Saryu Nayyar, CEO, Gurucul | April 1, 2015
Using big data and machine learning to assess the risk, in near-real time, of user activity.

This vendor-written piece has been edited by Executive Networks Media to eliminate product promotion, but readers should note it will likely favour the submitter's approach.

Day after day, an employee uses legitimate credentials to access corporate systems, from a company office, during business hours. The system remains secure. But suddenly the same credentials are used after midnight to connect to a database server and run queries that this user has never performed before. Is the system still secure?

Maybe it is. Database administrators have to do maintenance, after all, and maintenance is generally performed after hours. It could be that certain maintenance operations require the execution of new queries. But maybe it isn't. The user's credentials could have been compromised and are being used to commit a data breach.

With conventional security controls there's no clear cut answer. Static perimeter defenses are no longer adequate in a world where data breaches increasingly are carried out using stolen user credentials. And they have never been of much use against malicious insiders, who abuse their privileges. Today's BYOD environment can also leave a static perimeter in tatters as new rules have to be continually added for external access.

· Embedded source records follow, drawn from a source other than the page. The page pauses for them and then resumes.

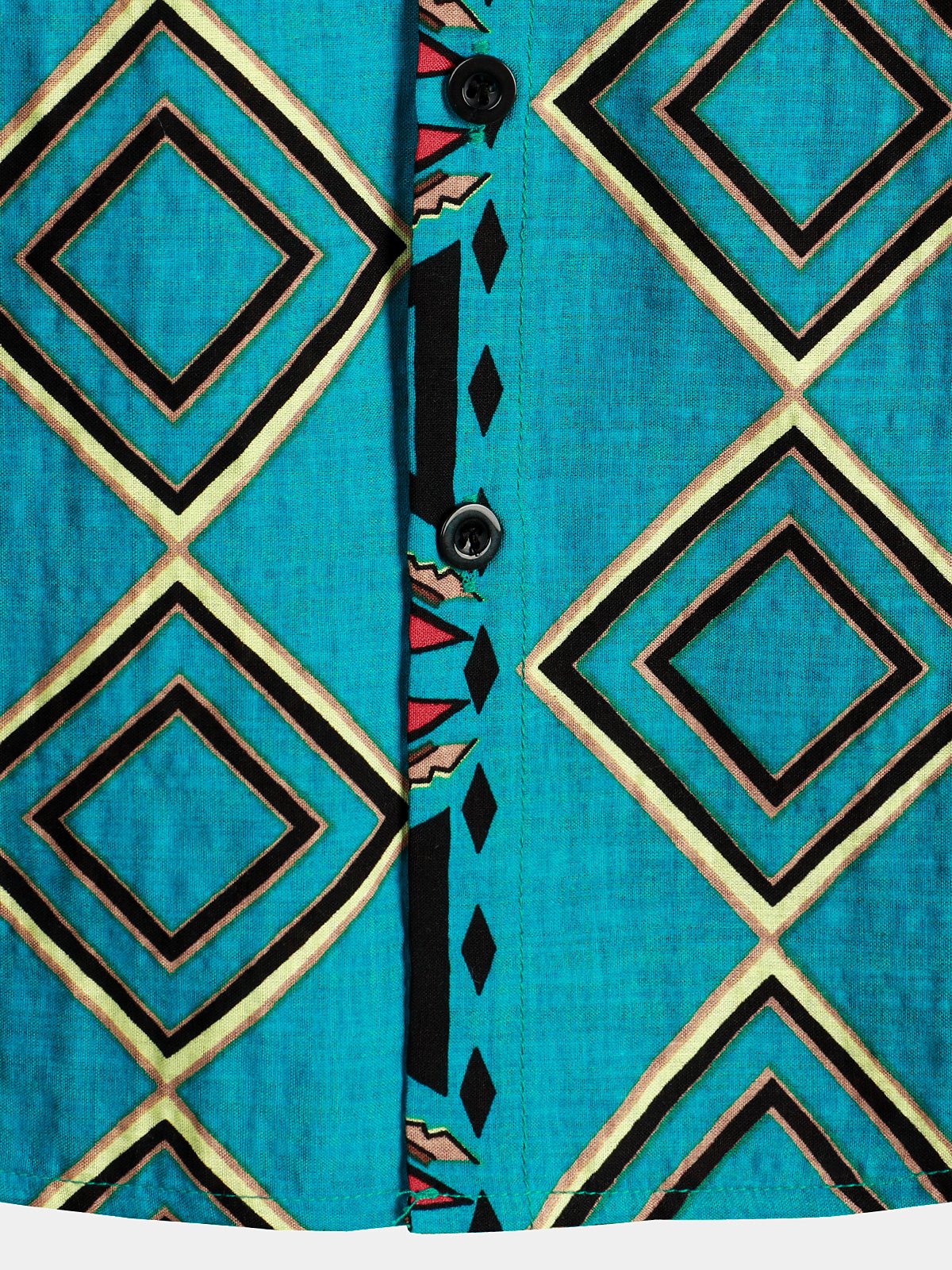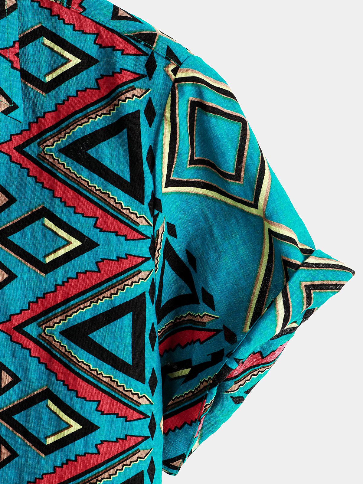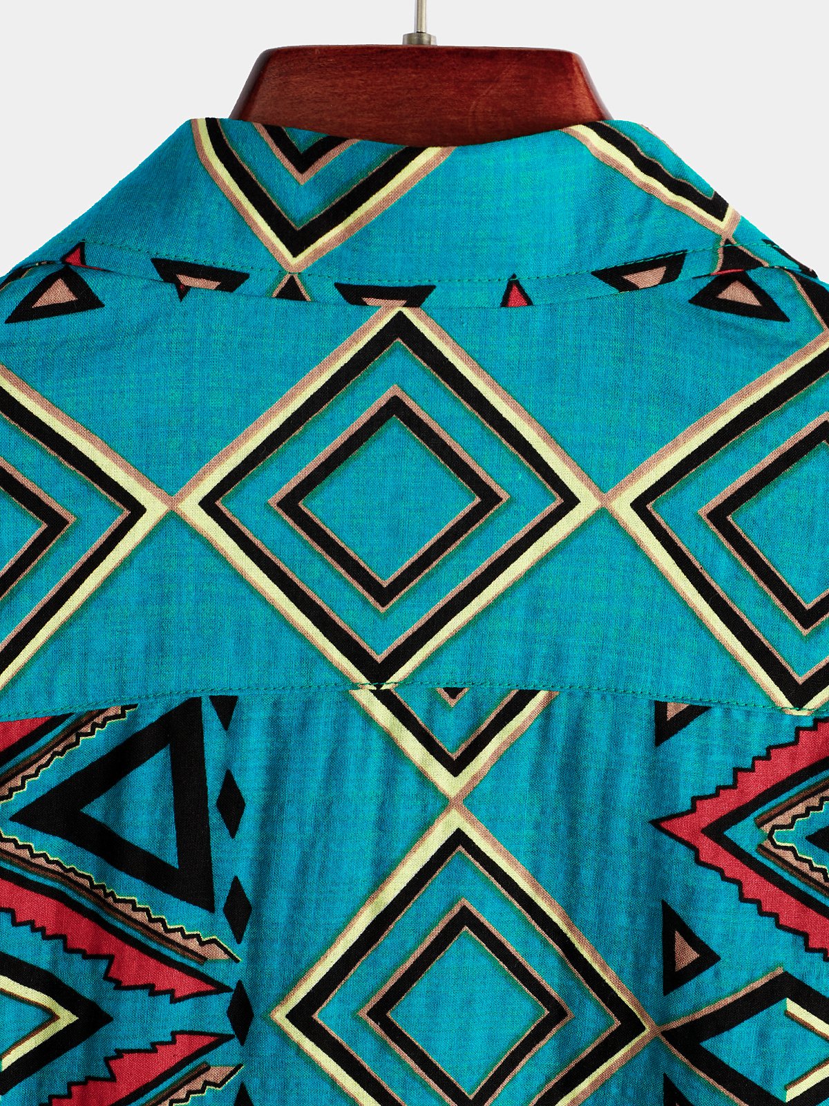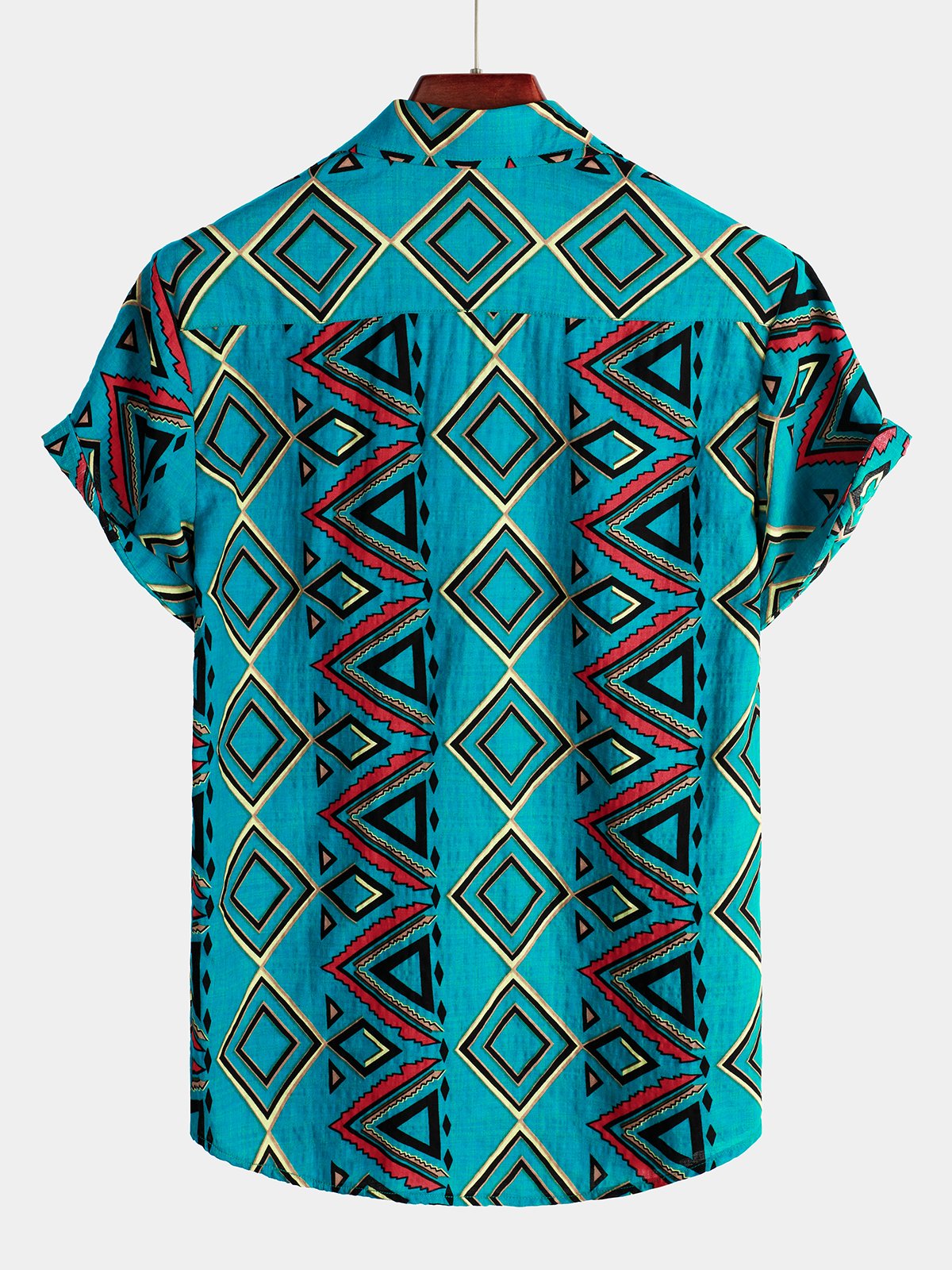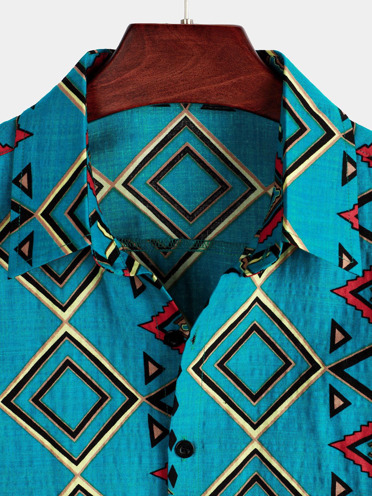 Men's Retro Blue Short Sleeve Cotton Shirt
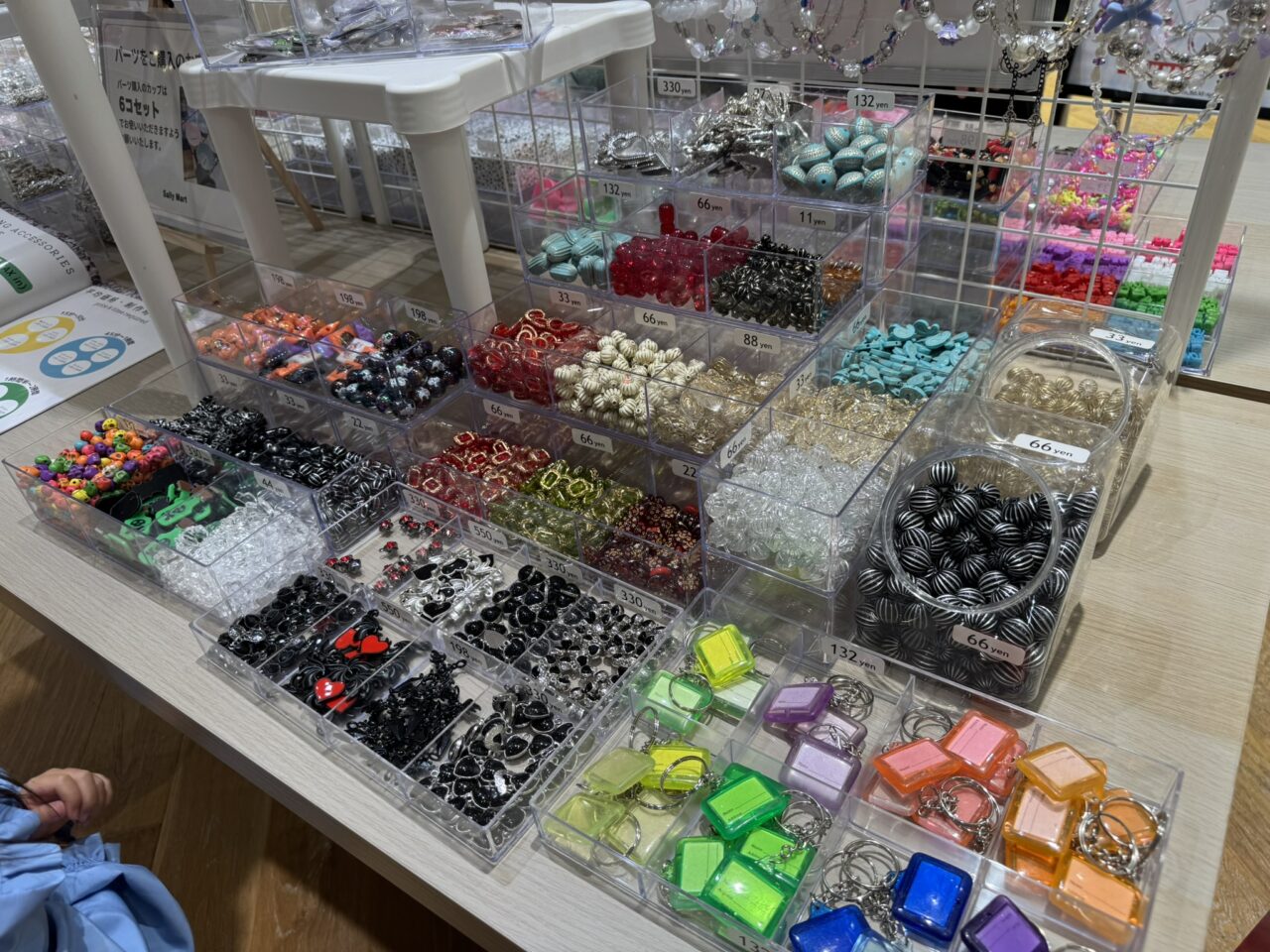 「ビーズ&アクセサリーパーツショップ Sally Mart」さんのブースは、特に親子連れで賑わっていました! 色とりどりのビーズやチャームがキラキラと並べられており、見ているだけでワクワクします。
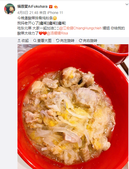 北京时间4月8日晚,日本前工作乒乓球运动员福原爱在交际平台上秀了一把自己的厨艺:“今晚煮酸菜排骨炖粉条,我妈老高兴了。吃东北菜,我们一同加油。媛姐,你给我的酸菜太给力了。”还趁便@老公江宏杰,美好的滋味扑面而来。
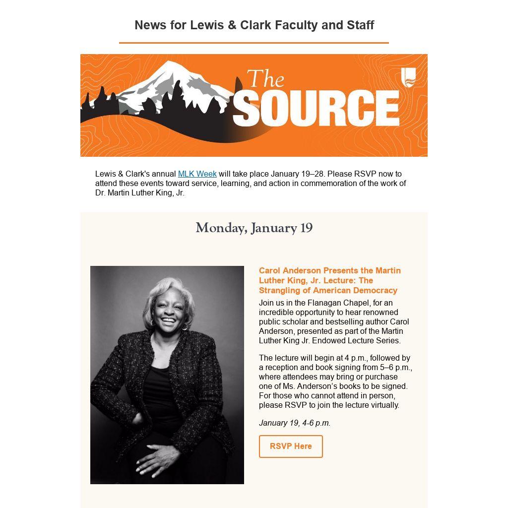 The Source is produced by Lewis & Clark's Office of Communications, and is distributed weekly to lc-employees@lclark.edu. Please write to us with your ideas, stories, and events—including specific date requests for promotion. Although there is no option for employees to unsubscribe, please do not mark this email as spam as doing so may negatively impact Lewis & Clark's reputation with Google as a trustworthy sender. Learn more about Lewis & Clark’s efforts to protect the email reputation of our lclark.edu domain.
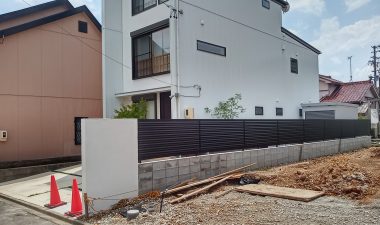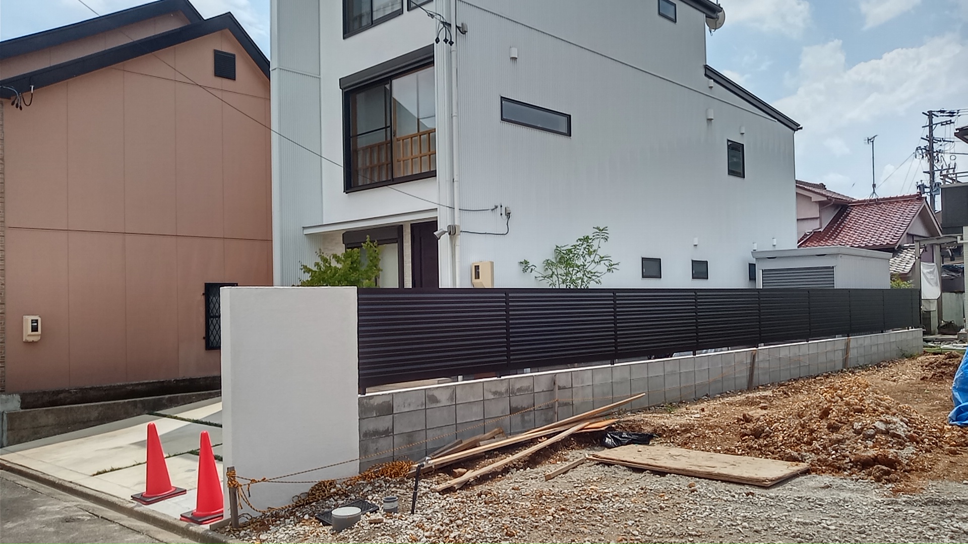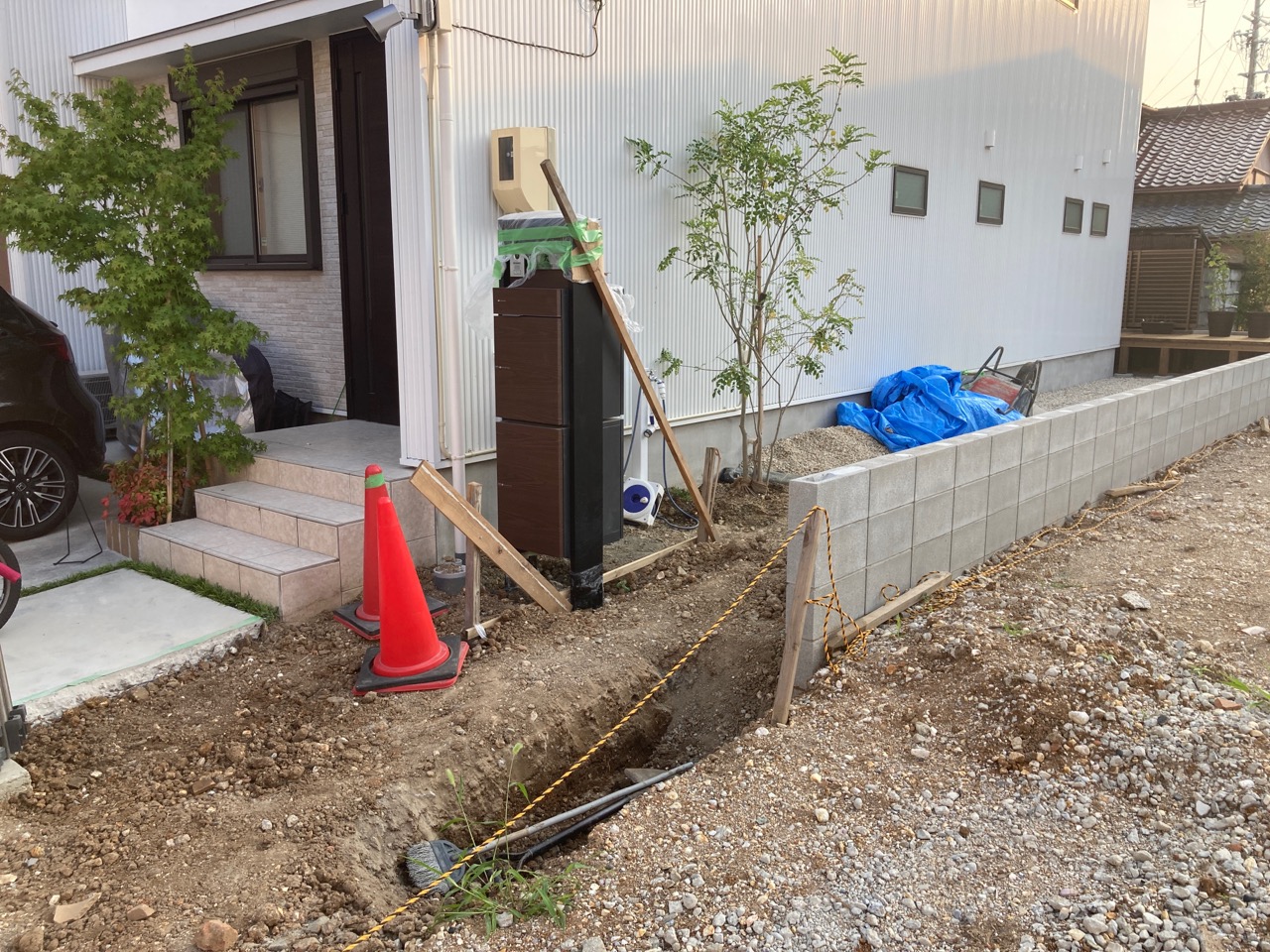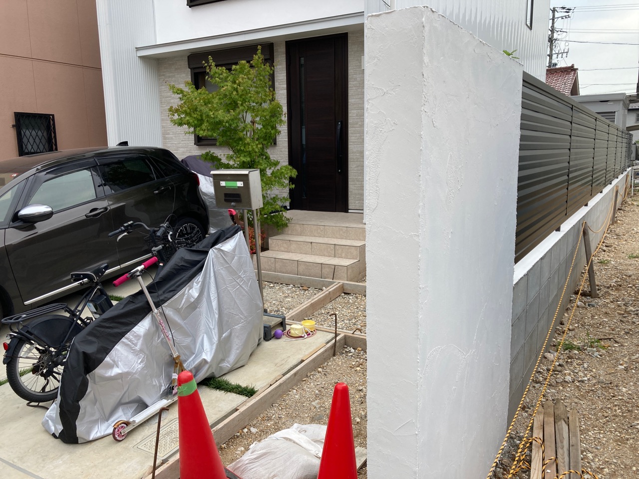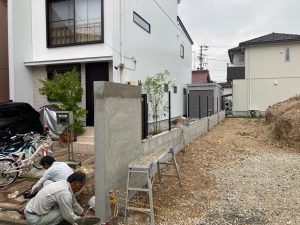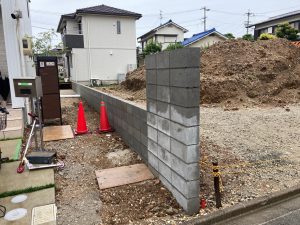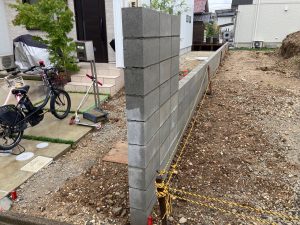 境界のブロック、フェンス柱もできあがってきました。今週はところどころ天気の悪い日が散見され、なかなか工事も思うように進まない所があると思います。
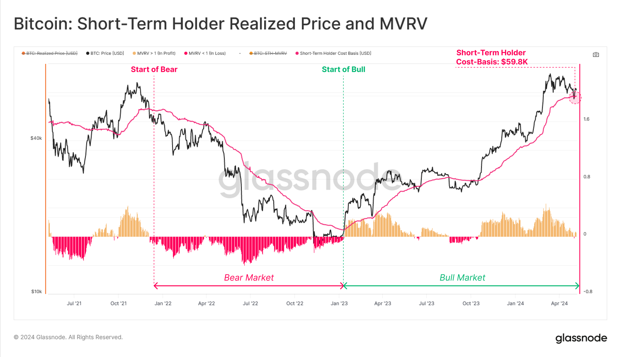 The Short-Term Holder cohort consists of investors who acquired their coins within the last 155 days, and are often considered a proxy for new investor demand. Typically, the average acquisition price of the cohort has acted as strong resistance during bearish trends, and a region of support during bullish trends.

A new approach called User Behavior Analytics (UBA), can eliminate this guesswork using big data and machine learning algorithms to assess the risk, in near-real time, of user activity. UBA employs modeling to establish what normal behavior looks like.

This modeling incorporates information about: user roles and titles from HR applications or directories, including access, accounts and permissions; activity and geographic location data gathered from network infrastructure; alerts from defense in depth security solutions, and more. This data is correlated and analyzed based on past and on-going activity.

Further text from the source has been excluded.